Potential health risks from slow leakage are considerably greater if
H2S, SOX or NOX are sequestered along
with CO2. R&D needs to fully investigate and identify those
aspects of geologic sequestration that present probable risks (which
are different for each type of formation), appropriate actions can be
taken prior to the commencement of injection activities to obviate
occurrence of problems.
I strongly recommend the use of Probabilistic Risk Assessment (PRA)
as the preferred methodology for overall evaluation the complex, long
timeframe, process-driven geological storage of CO2. It
takes hundreds of parameters to describe the reservoir, the surrounding
geosphere, the CO2, water and other physical properties and
the injection wells. These parameters and processes interact to make up
a complex series of possible outcomes and impacts. PRA can
statistically quantify the uncertainty associated with the parameters,
describing the processes in deterministic model(s) and can integrate
all possible outcomes (all combinations of parameter perturbations),
including interactions. PRA can be used to focus government/private
resources on the most important parameters and processes and can
effectively guide both the science and regulation. It provides a
statistically rigorous method of ranking geological and anthropogenic
parameters and processes within a systems-oriented CO2
storage model. The PRA methodology can also be used to address health
and safety concerns, and economic performance factors.
I commend DOE's efforts to form a nationwide network of regional
partnerships to help determine the best approaches for capturing and
permanently storing CO2. Seven government/industry Regional
Carbon Sequestration Partnerships are currently determining the most
suitable technologies, regulations, and infrastructure needs for carbon
capture, storage, and sequestration in different areas of the country.

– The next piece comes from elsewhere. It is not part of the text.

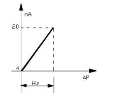 以電動(dòng)差壓變送器為例,當(dāng)液位H為O時(shí),差壓變送器輸出的信號(hào)應(yīng)為4 mA,當(dāng)液位H為*高液位時(shí),差壓變送器輸出的信號(hào)應(yīng)為20 mA,這是一種比較理想狀態(tài)。從圖1可見(jiàn),當(dāng)被測(cè)介質(zhì)的密度為ρ,容器中液體以上部分的氣相并不會(huì)凝結(jié)成冷凝液,這時(shí)作用于變送器正負(fù)壓室的差壓應(yīng)為:△Р= Hρ。其曲線(xiàn)如圖2所示:

Based on the outcomes of these partnerships, I strongly recommend that
the government rapidly conceive and take appropriate steps to conduct
multiple large-scale demonstrations of geologic sequestration at
various sites across the United States. All steps necessary must be
taken to guarantee adequate monitoring, mitigation, and verification
(MM&V) aimed at providing an accurate accounting of stored
CO2 and a high level of confidence that the CO2
will remain sequestered permanently. Appropriate representation from
watchdog environmental groups need to be included in the oversight of
these projects to assure objectivity and to gain widespread public
acceptance.
Question 15. Does the use of a FT coal-derived diesel product have
an improved footprint for nitrous oxide, particulate matter, sulfur
dioxide, volatile organic compounds, and mercury over traditional
sources of diesel? Please quantify the per gallon differences for
criteria pollutant emissions that would result from consumption of a FT
coal-derived diesel product versus traditional, petroleum-derived,
diesel fuel.
Answer. Please see my answer to Question 9.

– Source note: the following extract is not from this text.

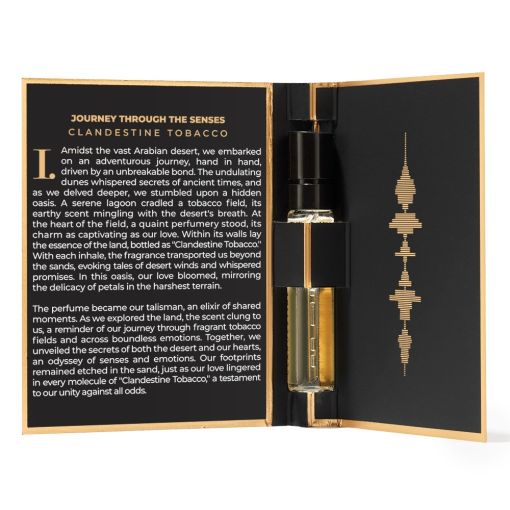 Mitten in der riesigen arabischen Wüste begaben wir uns Hand in Hand auf eine abenteuerliche Reise, geführt von einer unerschütterlichen Bindung. Die welligen Dünen verrieten uns Geheimnisse aus alten Zeiten und als wir tiefer gingen, stießen wir auf eine verborgene Oase. In einer ruhigen Lagune befand sich ein Tabakfeld, dessen erdiger Duft sich mit dem Atem der Wüste vermischte. Mitten auf dem Land lag eine malerische Parfümerie, deren Charme uns ebenso in ihren Bann zog, wie unsere Liebe. In seinen Mauern befand sich die Essenz der Erde, abgefüllt unter dem Namen „Clandestine Tobacco“.

Question 16. China is aggressively pursuing development of a CTL
industry. If the U.S. does not, is it possible that we will be
importing CTL fuels from China in the future?
What implications does this have for U.S. national security?
Answer. I am of the strong opinion that our own actions relative to
CTL and CBTL deployment are what count most with regard to our energy
security and national security. Secondarily, and accounting for
comparable environmental considerations, we should strongly encourage
and work with the Chinese to help them develop their own indigenous
fuel resources. This will relieve pressure on petroleum consumption
around the world and be highly positive for consumers in all countries,
while reducing purchases of crude oil from areas of the world that do
pose real energy and security threats to the U.S. Considering China's
significant growth and voracious appetite for fuels, it seems highly
unlikely that they will be selling their domestically-produced fuel
products, except perhaps to much closer neighboring countries. If our
country takes appropriate and timely steps to utilize our own natural
resources wisely, then we can become more secure and confident about a
promising future with adequate energy supply. Let's not leave it to the
next generation to satisfy these critical responsibilities.